Blogger Croydonian said...

I know a woman who is a translator at the Commission, and the form is rarely Greek to Gaelic or Estonian to Spanish, but rather from 'minor' language to 'major' language and then to 'minor' language.

If his Grace will forgive the meander, an anecdote: Many years ago an MEP from Normandy made a comment about some supposedly intractable dilemma with words to the effect of 'Ce probleme sera resolu grace a la sagesse normande'. This was rendered by the translator as 'This problem will be solved with the help of norman widsom', causing a vast outbreak of sniggering from MEPs from these islands and much confusion on the part of the hapless MEP.

18 July 2006 at 09:18  
Anonymous Ulster Man said...

Is Croydonian right? Why don't the French object to that? If everything is translated via English, doesn't that make English the de facto lingua franca?

18 July 2006 at 09:41  
Blogger Croydonian said...

UM - I've just found this confirmation:

"Twenty languages gives a total of 190 possible combinations (English-German, French-Czech, Finnish-Portuguese, etc), and finding any human being who speaks, for example, both Greek and Estonian or Slovene and Lithuanian is well-nigh impossible.

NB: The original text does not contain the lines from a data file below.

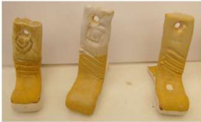
1ST DIP: WOO YELLOW (C)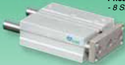
Series OSP Compact Pneumatic Thruster Slide - 8 Sizes, Incremental Travels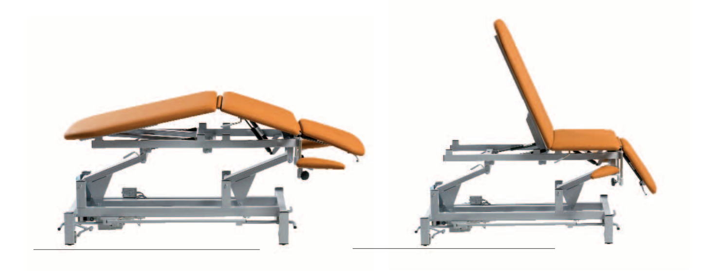
Treatment table with 3-pary lying surface Upholstery color Amalfi safran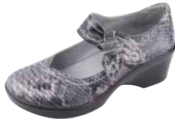
ONYX SNAKE | ELL-730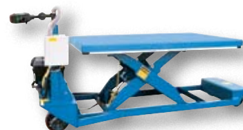
PORTABLE SCISSOR TABLE WITH PTDS OPTION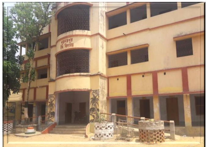
Photo of Purandarpur High School, Suri in Birbhum visited by SPKF team during pilot phase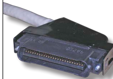
Male Connector 90° Hood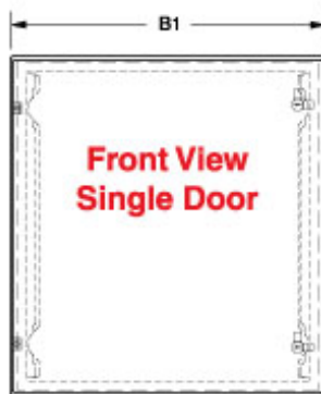
Front View Single Door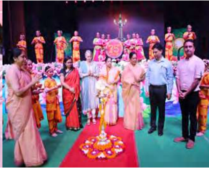
Sacred Heart Convent International School, Ludhiana

To get round this problem, the parliament will use much more "relay translation", where a speech is interpreted first into one language and then into another - and perhaps into a fourth or fifth".

18 July 2006 at 10:04  
Anonymous Rick said...

I think the Commission should revert to Latin.............if the Hebdomadal Council at Oxford could function in Latin until 1856 I see no reason why The Commission and Parliament do not..............it would have a very satisfactory by-product of inaction

18 July 2006 at 10:10  
Anonymous Ulster Man said...

Croydonian, that's a recipe for major confusion! Can you image the potential for errors and misinterpretations involved in multiple translations? In fact, it's not so much translation as transliteration or some sort of verbal 'equivalence'. How do they deal with strange colloquialisms?!!

18 July 2006 at 10:44  
Blogger Croydonian said...

UM - One can certainly see it all going horribly wrong....

One more tale of translation errors: Menachem Begin was once introduced as 'Monsieur Menachem Commencer'. Yes, really.

18 July 2006 at 10:55  
Blogger phone cam foolery said...

Many years ago(24) I hitch hiked around France, One of the lifts I got was from an Aussie who worked for the Eu as a translator, he claimed sometimes he could make £400 a week , 24 years ago!
God knows what they get today.
Interesting holiday, given a lift by an Algerian homosexual who was the spitting image of Anwar saddat and nearly drowned falling off some rocks into the sea near St Malo.

18 July 2006 at 12:37  
Blogger Croydonian said...

There is good money to be made as a transaltor in Brussels / Strassburg, but imagine the tedium of translating speeches by eurocrats.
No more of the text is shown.